Use the following code cell to define helper functions for creating inputs to
a processing job.

In [None]:
def create_flow_notebook_processing_input(base_dir, flow_s3_uri):
    return {
        "InputName": "flow",
        "S3Input": {
            "LocalPath": f"{base_dir}/flow",
            "S3Uri": flow_s3_uri,
            "S3DataType": "S3Prefix",
            "S3InputMode": "File",
        },
    }

def create_s3_processing_input(base_dir, name, dataset_definition):
    return {
        "InputName": name,
        "S3Input": {
            "LocalPath": f"{base_dir}/{name}",
            "S3Uri": dataset_definition["s3ExecutionContext"]["s3Uri"],
            "S3DataType": "S3Prefix",
            "S3InputMode": "File",
        },
    }

def create_redshift_processing_input(base_dir, name, dataset_definition):
    return {
        "InputName": name,
        "DatasetDefinition": {
            "RedshiftDatasetDefinition": {
                "ClusterId": dataset_definition["clusterIdentifier"],
                "Database": dataset_definition["database"],
                "DbUser": dataset_definition["dbUser"],
                "QueryString": dataset_definition["queryString"],
                "ClusterRoleArn": dataset_definition["unloadIamRole"],
                "OutputS3Uri": f'{dataset_definition["s3OutputLocation"]}{name}/',
                "OutputFormat": dataset_definition["outputFormat"].upper(),
            },
            "LocalPath": f"{base_dir}/{name}",
        },
    }

def create_athena_processing_input(base_dir, name, dataset_definition):
    return {
        "InputName": name,
        "DatasetDefinition": {
            "AthenaDatasetDefinition": {
                "Catalog": dataset_definition["catalogName"],
                "Database": dataset_definition["databaseName"],
                "QueryString": dataset_definition["queryString"],
                "OutputS3Uri": f'{dataset_definition["s3OutputLocation"]}{name}/',
                "OutputFormat": dataset_definition["outputFormat"].upper(),
            },
            "LocalPath": f"{base_dir}/{name}",
        },
    }

def create_processing_inputs(processing_dir, flow, flow_uri):
    """Helper function for creating processing inputs
    :param flow: loaded data wrangler flow notebook
    :param flow_uri: S3 URI of the data wrangler flow notebook
    """
    processing_inputs = []
    flow_processing_input = create_flow_notebook_processing_input(processing_dir, flow_uri)
    processing_inputs.append(flow_processing_input)

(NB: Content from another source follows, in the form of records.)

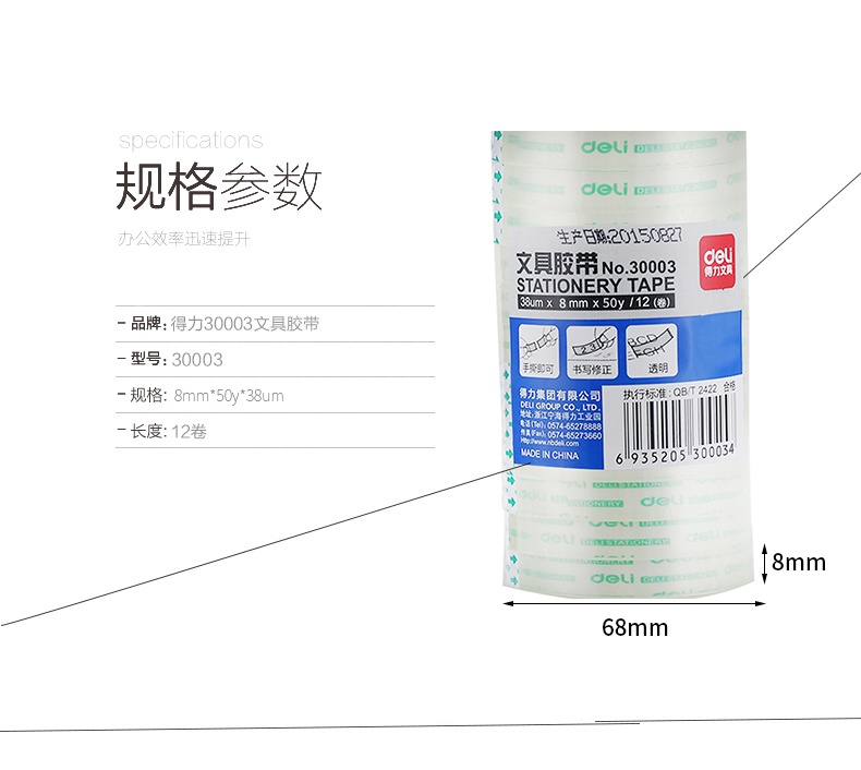 - 商品名称:得力 30003 文具胶带 8mm*50y*38um(12卷/筒) 60/箱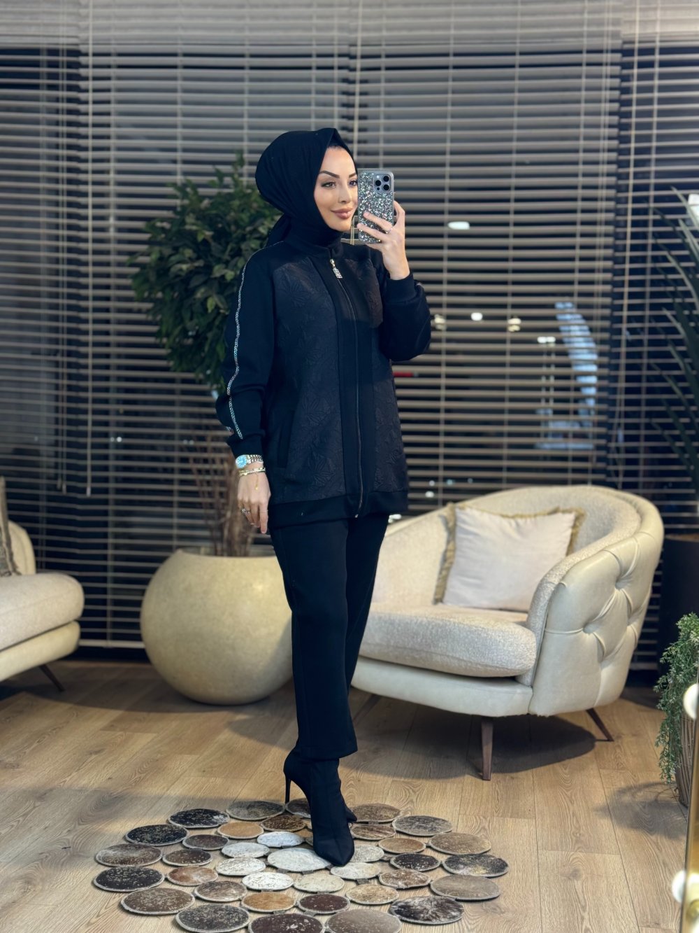 2402 Ön Kabartma Desenli Omuzları Zincirli Takım Siyah
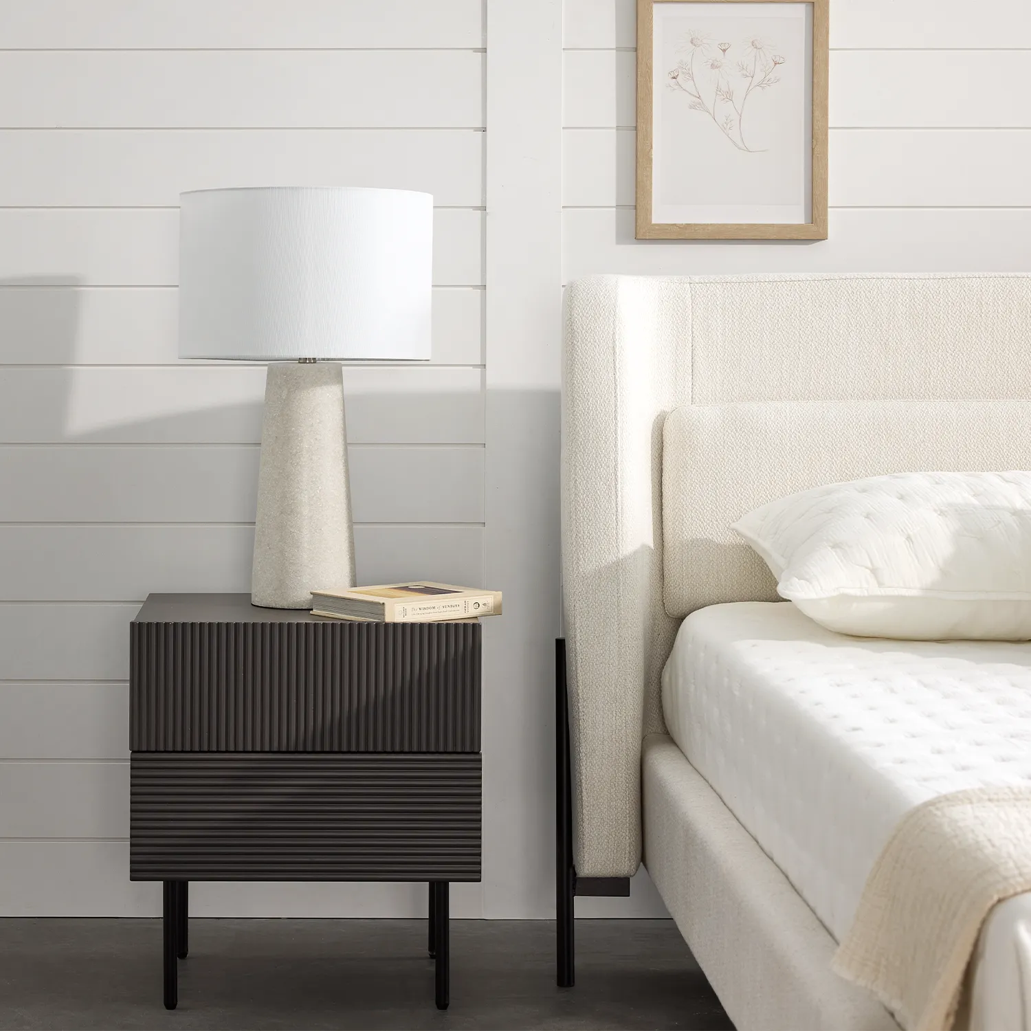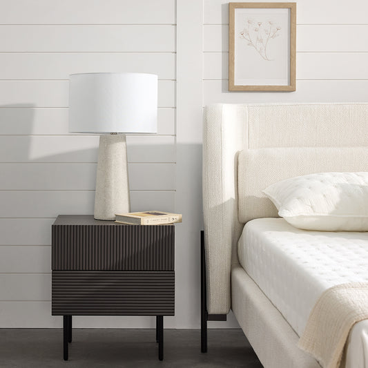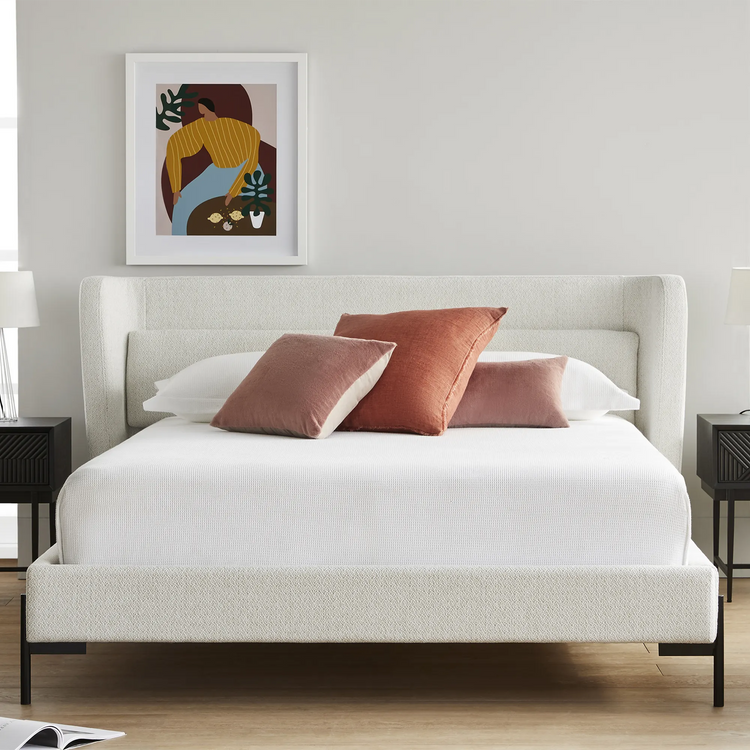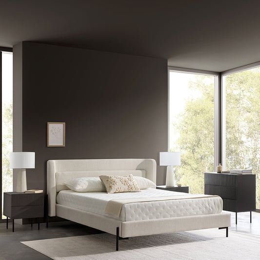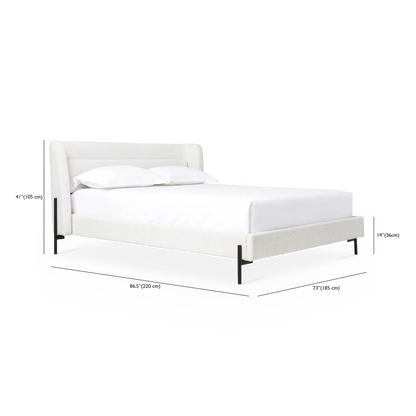Upholstered in off-white heathered fabric, the Claire bed blends into any bedroom in seamless style. It pairs well with both wooden and metal bedside tables.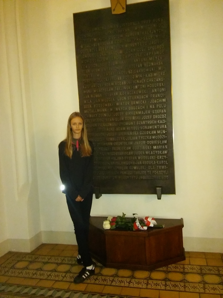 Zaszczytem dla szóstoklasistów była wizyta w historycznej sali nr 56, w której w dniu 6 listopada 1939 roku aresztowano 183 profesorów w ramach akcji Sonderaktion Krakau. W związku z 77 rocznicą tragedii profesorów uwięzionych w obozie w Sachsenhausen przewodniczący szkoły Antoni Lelek oraz Maja Kruczek reprezentująca Samorząd Uczniowski złożyli symboliczną wiązankę kwiatów przy tablicy honorującej ofiary niemieckiej akcji. Sfotografowano się także przy usytuowanym w pobliżu Collegium Novum „Dębie Wolności” zasadzonym w dniu 3 maja 1919 roku na pamiątkę odzyskania przez Polskę 11 listopada 1918 roku niepodległości.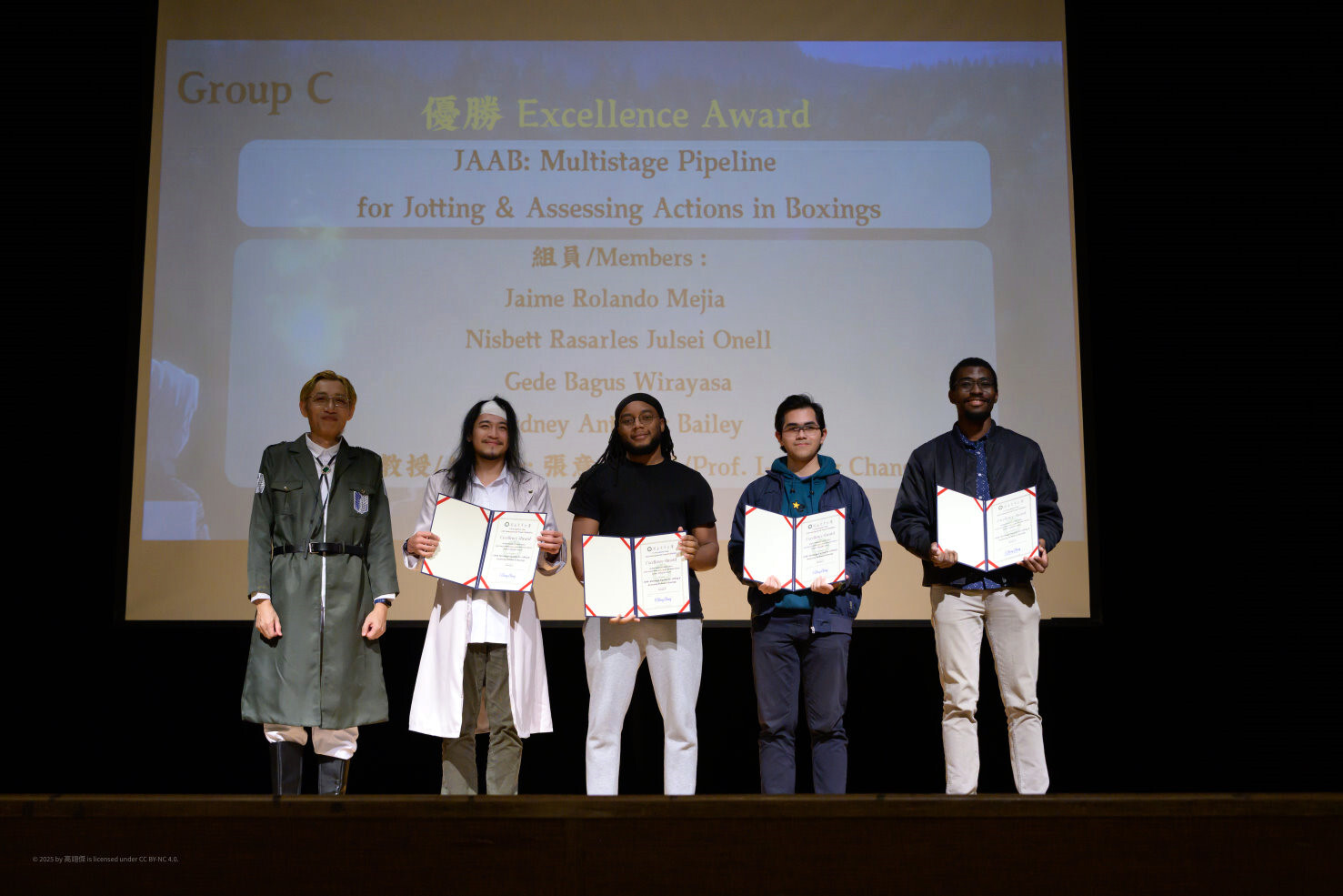 Alex Carlos Ack:Scene to Sound: Converting a Film into an Audiobook with the Use of Artificial Intelligence(指導教授:方文杰) Gede Bagus Wirayasa:JAAB: Multi-Stage Pipeline for Jotting and Assessing Actions in Boxing(指導教授:張意政) 唐于田:可解釋人工智慧中的 MoE 網絡專家選擇(指導教授:顏士淨) 廖虹宜:居家復健智能評估系統(指導教授:張意政) 房曉聰:StyleVision: AI-Integrated Wardrobe Stylist(指導教授:張道顧) 柳人禎:EmoScale: Waveform-Based Emotional Speech Synthesis(指導教授:方文杰) 王博裕:GenAI 生成文件(指導教授:簡暐哲) 莊奕賢:DeflareCam(指導教授:張道顧) 鄭宇翔:對抗樣本技術應用於社交媒體影像隱私保護(指導教授:簡暐哲)

    for node in flow["nodes"]:
        if "dataset_definition" in node["parameters"]:
            data_def = node["parameters"]["dataset_definition"]
            name = data_def["name"]
            source_type = data_def["datasetSourceType"]

            if source_type == "S3":
                s3_processing_input = create_s3_processing_input(
                    processing_dir, name, data_def)
                processing_inputs.append(s3_processing_input)
            elif source_type == "Athena":
                athena_processing_input = create_athena_processing_input(
                    processing_dir, name, data_def)
                processing_inputs.append(athena_processing_input)
            elif source_type == "Redshift":
                redshift_processing_input = create_redshift_processing_input(
                    processing_dir, name, data_def)
                processing_inputs.append(redshift_processing_input)
            else:
                raise ValueError(f"{source_type} is not supported for Data Wrangler Processing.")
    return processing_inputs

## Start ProcessingJob
Now, the Processing Job is submitted to a boto client. The status of the processing job is
monitored with the boto client, and this notebook waits until the job is no longer 'InProgress'.

In [None]:
# Processing job name
print(f'Processing Job Name: {processing_job_name}')

processingResources = {
        'ClusterConfig': {
            'InstanceCount': 1,
            'InstanceType': 'ml.m5.4xlarge',
            'VolumeSizeInGB': 30
        }
    }

appSpecification = {'ImageUri': container_uri}

sagemaker_client.create_processing_job(
        ProcessingInputs=create_processing_inputs(processing_dir, flow, flow_uri),
        ProcessingOutputConfig={
            'Outputs': [
                {
                    'OutputName': '76b4470a-6f43-46b8-be22-f0377a21c62d.default',
                    'FeatureStoreOutput': {
                        'FeatureGroupName': feature_group_name
                    },
                    'AppManaged': True
                }
            ],
        },
        ProcessingJobName=processing_job_name,
        ProcessingResources=processingResources,
        AppSpecification=appSpecification,
        RoleArn=iam_role
    )


status = sagemaker_client.describe_processing_job(ProcessingJobName=processing_job_name)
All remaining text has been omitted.